American officials at the time said that Mr. Logari was a former engineering student who was one of several thousand militants freed from at least two high-security prisons after the Taliban seized control of Kabul on Aug. 15, 2021. The Taliban emptied the facilities indiscriminately, releasing not only their own imprisoned members but also fighters from ISIS Khorasan or ISIS-K, the terrorist organization’s Afghanistan branch and the Taliban’s nemesis.

Mr. Logari was not unknown to the Americans. In 2017, the C.I.A. tipped off Indian intelligence agents that he was plotting a suicide bombing in New Delhi, U.S. officials said. Indian authorities foiled the attack and turned Mr. Logari over to the C.I.A., which sent him to Afghanistan to serve time at the Parwan prison at Bagram Air Base. He remained there until he was freed amid the chaos after Kabul fell.

At the airport, investigators said, the bomber detonated a 20-pound explosive, probably carried in a backpack or vest, spraying 5-millimeter ball bearings in a tremendous blast that was captured in grainy video images shown to Pentagon reporters.

All this was known to the Marine and Army officials as they started their supplemental review last September. But they were assigned to address the lingering questions.

On the day of the bombing, Marines at the gate were given intelligence to be on the lookout for a man with groomed hair, wearing loose clothes and carrying a black bag of explosives. The review team determined, after additional interviews and assessing security camera footage and other photographs of the chaotic scene, that the description was not specific enough to meaningfully narrow the search.

But Marines at the gate came forward later to say that at about 7 a.m., they saw an individual matching the suicide bomber’s description. The Marines said that the man had engaged in suspicious behavior and that they had sent urgent warnings to leaders asking for permission to shoot. Twice their request was denied, they said.

The review team concluded that the Marines had conflated the intelligence reports with an earlier spotting of a man wearing beige clothes and carrying a black bag. The team also reviewed a photo taken of the suspect from one of the sniper team’s cameras.

The man in question did not actually match the description, the review team concluded. He was bald, wore black clothes and was not carrying a black bag. Moreover, photographs taken of Mr. Logari when he was in American custody did not match the photographs of the suspect, even after facial recognition software was used.

“Al-Logari and ‘Bald Man in Black’ received the strongest negative result,” concluded a slide from the supplemental review team’s findings that was briefed to reporters.

Moreover, the review team concluded, Mr. Logari did not arrive at Abbey Gate on Aug. 26 until “immediately before” the attack, minimizing his chances of being detected by the Marines.

The review team went through a similar process to discount the sightings of specific individuals whom Marines had suspected of carrying out a dry run of the eventual attack.

Members of the review team did not challenge the motives or dedication of the Marines who raised the vexing questions. But in the end, the review team concluded, the Marines were mistaken.

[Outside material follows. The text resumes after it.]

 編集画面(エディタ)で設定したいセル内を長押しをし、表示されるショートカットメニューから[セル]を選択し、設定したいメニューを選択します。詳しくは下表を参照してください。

As traumatic as the bombing was, perhaps it is not surprising that the recollections and conclusions of Marines and soldiers that day, however sincere, were not supported by subsequent inquiries.

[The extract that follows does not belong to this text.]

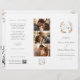 Torne o seu dia de casamento único com o nosso programa de triplicação de jardins florais. Este produto tem um elemento de cor - você mesmo terá que dobrá-lo em um estilo de brochura. Este programa tem um esquema de cor verde de pêssego, laranja queimada, rosa-pincel, creme e sage com uma vibração do jardim italiano. Inclui informações sobre a festa de casamento, fotos, a linha do tempo do evento, a ordem da cerimônia, recepção, memória amorosa e obrigados do casal.

The findings of the original Army-led investigation in February 2022 contradicted initial reports by senior U.S. commanders that militants had fired into the crowd of people at the airport seeking to flee the Afghan capital and had caused some of the casualties.

The accounts of what unfolded immediately after the attack — from the Pentagon and people on the ground — changed several times. Defense Department officials initially said that nearby fighters from Islamic State Khorasan began firing weapons. That turned out not to be true.

Some people near the scene said the Marines had shot indiscriminately into the crowd, apparently believing they were under fire. That, too, according to the accounting by the military’s Central Command, turned out not to be true, although investigators said that British and American forces had fired warning shots in the air.